### RECORDS FOR THE TASK
┌────────

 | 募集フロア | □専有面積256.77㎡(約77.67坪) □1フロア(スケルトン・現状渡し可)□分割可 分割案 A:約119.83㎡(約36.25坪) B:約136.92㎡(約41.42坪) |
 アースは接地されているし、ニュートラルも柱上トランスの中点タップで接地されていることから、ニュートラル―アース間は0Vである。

└────────
┌────────

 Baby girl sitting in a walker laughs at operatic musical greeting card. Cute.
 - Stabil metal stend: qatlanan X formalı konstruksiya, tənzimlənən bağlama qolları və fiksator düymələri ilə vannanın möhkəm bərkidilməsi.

└────────
┌────────

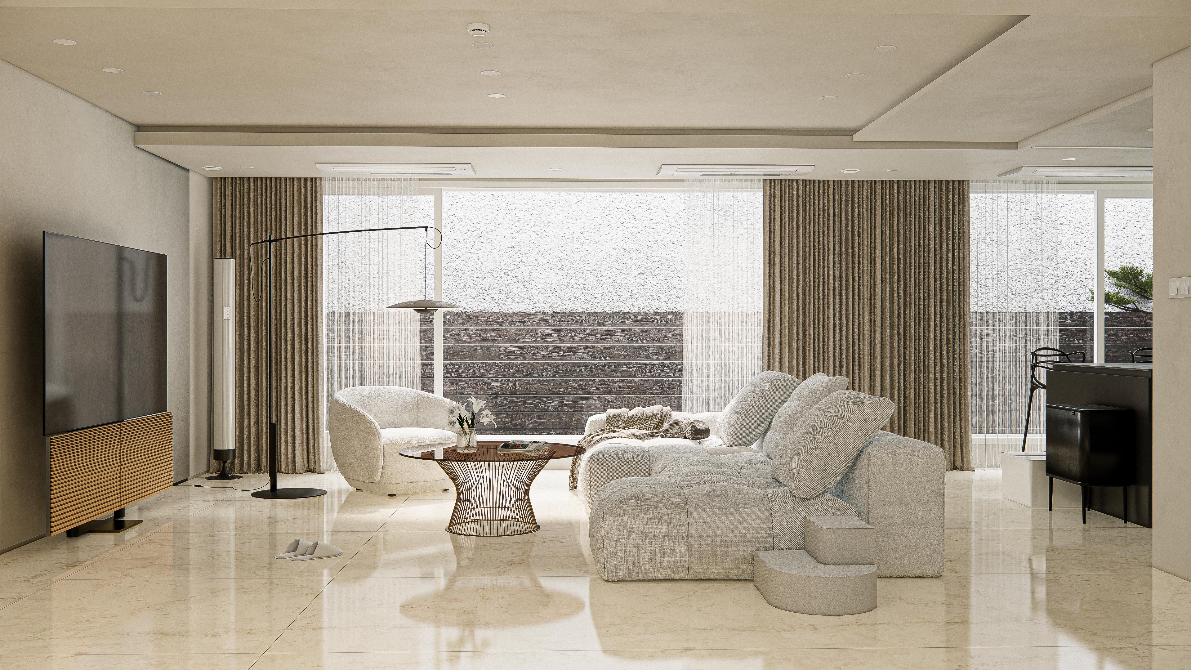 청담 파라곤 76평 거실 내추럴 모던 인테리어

└────────

### WHAT IS BEING ASKED
A word-for-word copy of the lines above from the one with "Baby girl sitting" through the one with "- Stabil metal", inclusive, is the only output wanted.

### SOLVED EXERCISE
 Baby girl sitting in a walker laughs at operatic musical greeting card. Cute.
 - Stabil metal stend: qatlanan X formalı konstruksiya, tənzimlənən bağlama qolları və fiksator düymələri ilə vannanın möhkəm bərkidilməsi.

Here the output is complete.